Unless there was error in the admission of some material part of the testimony above recited, it seems clear to us that there was sufficient evidence to be submitted to the jury as to defendant’s liability. The jury, and not the court, was the tribunal to weigh the value of the testimony introduced by plaintiff and of that introduced by the defendant; to contradict it or to show contributory negligence. The jury has decided, and, unless evidence objected to was erroneously admitted, the matter ends so far as the court is concerned. As to defendant’s objection to the admission of evidence, that several automobiles had stalled at the same place, we think that such testimony is admissible: Gynther v. Brown & McCabe, 67 Or. 310, 319 (134 P. 1186) Coates v. Marion County, 96 Or. 334, 340 (189 P. 903).
It was not improper to admit evidence that the defendant was informed of the conditions at the point in controversy. It tended to preclude the assumption that the conditions had occurred so recently that defendant had no notice of them and consequently no time to correct them. It may well be that a single isolated instance of a prior accident in the same locality might not be evidence of the dangerous condition of the track and its surroundings. We are clear that where, as here, evidence of frequent, though not precisely identical, instances of the same character at the same spot, constitutes some evidence that the locality is unsafe.
*426The third and last assignment of error is to the following instructions given by the court:
“You are also instructed, ladies and gentlemen — I don’t know whether I have covered that before or not — that if you find that the defendant or its motorman in operating its train saw the plaintiff’s intestate on the track in the automobile, a sufficient distance away from the deceased, to have enabled it to have stopped its train, it was defendant’s duty to stop its train, and the failure to do so under such circumstances would constitute negligence on the part of the defendant; if you find that was the case, then the plaintiff would be entitled to recover, if that was one of the proximate causes of decedent’s death, unless you should find also that plaintiff’s intestate, Mr. Sheard, negligently or voluntarily drove upon the track and placed himself in the position in which he was when he was struck or his truck was struck by the train. ”
The instruction, so far as it went, correctly stated the law, though not clearly, and was subject to some criticism, perhaps by both parties, but upon an exception being interposed by defendant’s counsel, the court said:
“I thought I was giving the instruction you requested, Mr .Holland — I will give the instruction you requested — the trainmen were not required to anticipate that a vehicle would be traveling or standing at the place of the accident, but they had a right to assume that no vehicle would be at such a place or at that place, but if in the exercise of ordinary care they should have seen and observed it, then it was their duty if they did see it — or if they should have seen it in the exercise of ordinary care — then it was their duty to avoid striking it.
“That is what I tried to give and if the court said anything different in the former instruction, the jury will disregard it.”

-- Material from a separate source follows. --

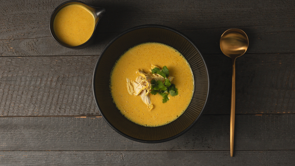 1 c. à s. huile de coco, 2 c. à c. curry en poudre, 400 ml bouillon de poulet

*427This was practically the substance of request XV of defendant and was sufficient to remove any obscurity in the instruction alluded to. The case may have been a very close one on the question of intoxication of the deceased, and upon contributory negligence in deceased not leaving his ear sooner, but these matters were for the jury. If we take the testimony of Cinnamon, which the jury no doubt accepted, it was a question of a very few seconds between the time that the headlights of the train came into view until the accident occurred. Whether deceased was aware that the train was coming until it struck his truck, does not appear. He was confronted with a dilemma. If he left his car on the track, a train was liable to come along and strike it with the possibility of derailment and injury to passengers and occupants, and it was his duty to get the car off if such a course was reasonably practicable. Evidently there was little time to deliberate even if he was aware of the approach of the train. He was at the wheel engaged in an attempt to get his car off the track and as his companion said, when asked if deceased had any time to get out of the way after the train came in sight, “He didn’t have any time, he didn’t even have time to get out of the truck.” In view of his testimony, and the conditions shown, it was for the jury to say whether his being in the truck was contributory negligence on his part.
Affirmed.
The judgment is affirmed.
Brown and Belt, JJ., not sitting.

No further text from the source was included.